Con-E.13 — Self-Compounding Claim Ignores Negative Feedback Loops#
Severity: E (Moderate) | Sphere: Se2 | Target: th8
th8’s proof asserts that violating any life-trifecta cord creates “structural debt that compounds under real-world pressure.” But real economies contain negative feedback loops that resist runaway dynamics:
Market corrections: Bubbles burst, overextended firms go bankrupt, overvalued sectors deflate.
Democratic backlash: Growing inequality produces political pressure for redistribution (New Deal, post-war welfare state, progressive taxation).
Technological disruption: Dominant firms are displaced by new technologies (Kodak → digital, Blockbuster → Netflix).
Social mobility: Imperfect but non-zero upward and downward mobility prevents complete calcification.

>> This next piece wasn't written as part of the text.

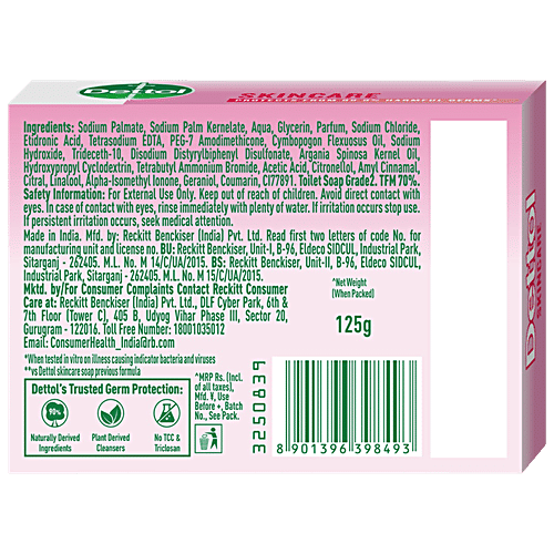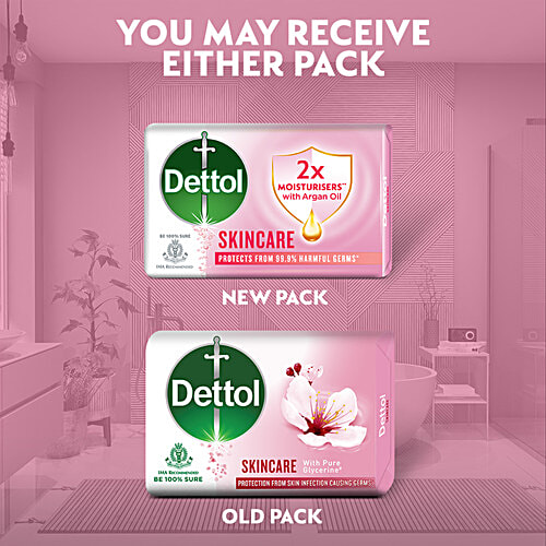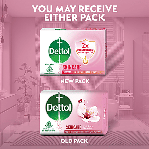 Be 100% sure to protect your skin from 100 illness-causing germs and bacteria. Dettol's Skincare Germ Protection Bathing Soap bar keeps your skin healthy every day. The trusted germ-protection formula of Dettol soap acts like a barrier between your skin and a wide range of unseen germs.Dettol bathing soap keeps you fresh all-day long while the glycerine-rich formula gives a moisturised and healthy looking skin. Safety Information: Keep out of reach of children unless under adult supervision. Avoid direct contact with eyes. For external use. In case of contact with eyes, rinse immediately with plenty of water. If persistent irritation occurs, seek medical attention.

Steel-man: The self-compounding assumption treats the economy as having only positive feedback loops and no negative ones. Soros (2008) emphasizes that financial markets have both self-reinforcing and self-correcting tendencies — neither dominates permanently. Minsky (1986) describes cycles, not monotonic cascades: stability breeds fragility, which produces crises, which produce reforms, which produce stability again. This cyclical pattern directly contradicts th8’s binary attractor claim.